------ DATA SUPPLIED
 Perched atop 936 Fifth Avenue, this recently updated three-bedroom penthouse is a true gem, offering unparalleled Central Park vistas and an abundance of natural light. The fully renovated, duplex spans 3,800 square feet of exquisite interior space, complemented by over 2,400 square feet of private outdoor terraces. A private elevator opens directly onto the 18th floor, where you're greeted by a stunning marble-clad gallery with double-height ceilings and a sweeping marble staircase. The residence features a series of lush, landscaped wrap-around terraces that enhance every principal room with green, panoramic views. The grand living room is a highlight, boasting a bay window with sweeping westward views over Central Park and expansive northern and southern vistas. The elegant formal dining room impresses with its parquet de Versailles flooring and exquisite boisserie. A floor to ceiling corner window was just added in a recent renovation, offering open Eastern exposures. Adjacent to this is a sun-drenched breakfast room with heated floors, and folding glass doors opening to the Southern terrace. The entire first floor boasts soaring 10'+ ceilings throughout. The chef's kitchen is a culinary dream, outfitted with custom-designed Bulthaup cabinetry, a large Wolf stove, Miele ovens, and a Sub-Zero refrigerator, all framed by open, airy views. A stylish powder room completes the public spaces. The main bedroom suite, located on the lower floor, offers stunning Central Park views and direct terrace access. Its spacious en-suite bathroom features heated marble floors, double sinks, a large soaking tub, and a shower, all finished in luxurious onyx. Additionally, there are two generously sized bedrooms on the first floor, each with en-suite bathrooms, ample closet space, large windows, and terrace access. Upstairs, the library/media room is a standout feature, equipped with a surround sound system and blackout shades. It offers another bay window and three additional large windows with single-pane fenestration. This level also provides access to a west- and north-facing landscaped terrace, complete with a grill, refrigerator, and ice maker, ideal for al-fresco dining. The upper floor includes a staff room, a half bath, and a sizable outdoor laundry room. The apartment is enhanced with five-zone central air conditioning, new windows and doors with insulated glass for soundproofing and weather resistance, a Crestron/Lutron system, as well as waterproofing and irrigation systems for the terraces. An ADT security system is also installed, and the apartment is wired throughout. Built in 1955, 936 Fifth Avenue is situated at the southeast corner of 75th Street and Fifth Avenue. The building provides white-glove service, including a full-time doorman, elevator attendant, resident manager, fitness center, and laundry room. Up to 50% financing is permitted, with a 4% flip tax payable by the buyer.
------------
------ DATA SUPPLIED
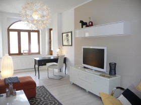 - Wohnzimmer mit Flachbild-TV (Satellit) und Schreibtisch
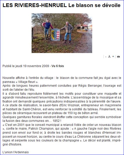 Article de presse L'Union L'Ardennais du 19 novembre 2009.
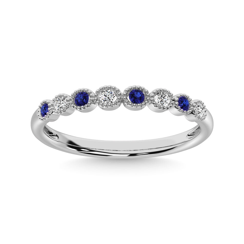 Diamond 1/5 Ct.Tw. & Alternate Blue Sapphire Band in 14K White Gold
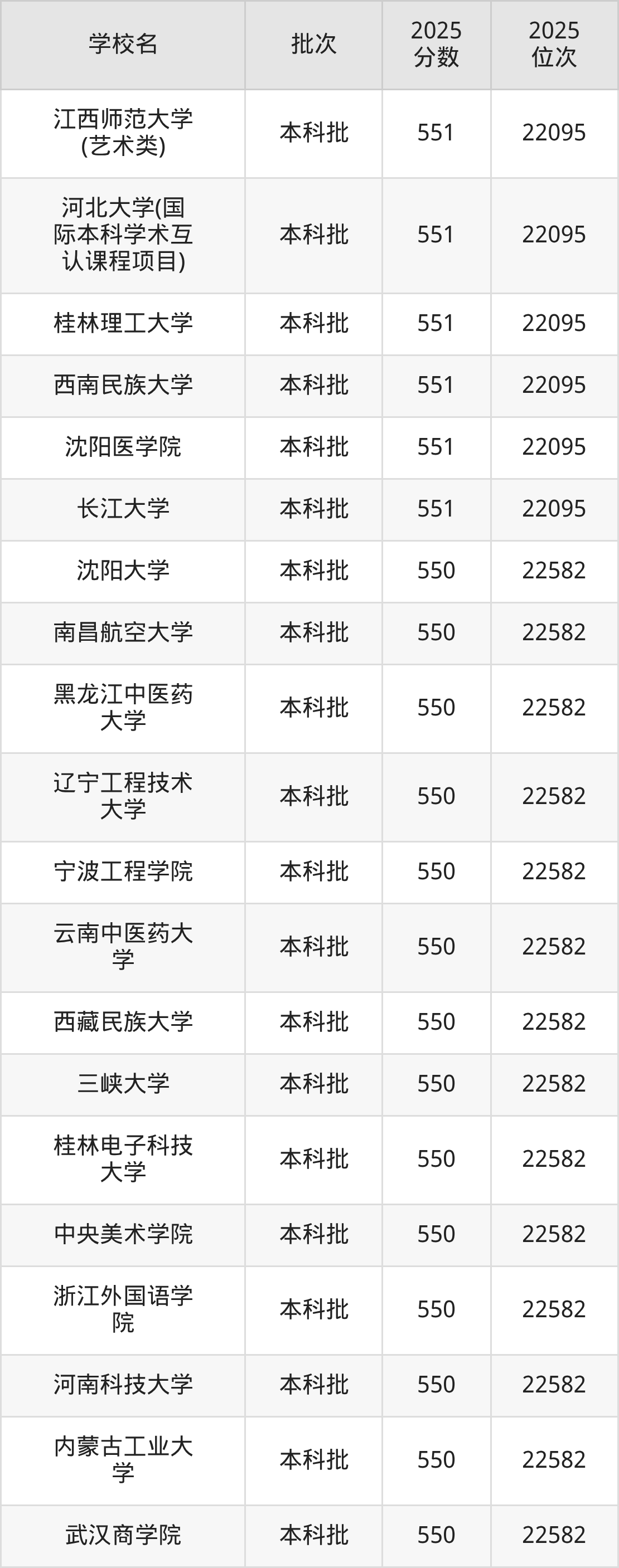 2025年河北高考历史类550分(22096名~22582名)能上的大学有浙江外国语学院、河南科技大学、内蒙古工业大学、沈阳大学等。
------------
ACTION ITEM: What you return from the records above should be exactly everything from the line with "Diamond 1/5 Ct.Tw." down to the line with "2025年河北高考历史类55", both kept, and no pictures.

ANSWER SPACE:
 Diamond 1/5 Ct.Tw. & Alternate Blue Sapphire Band in 14K White Gold
 2025年河北高考历史类550分(22096名~22582名)能上的大学有浙江外国语学院、河南科技大学、内蒙古工业大学、沈阳大学等。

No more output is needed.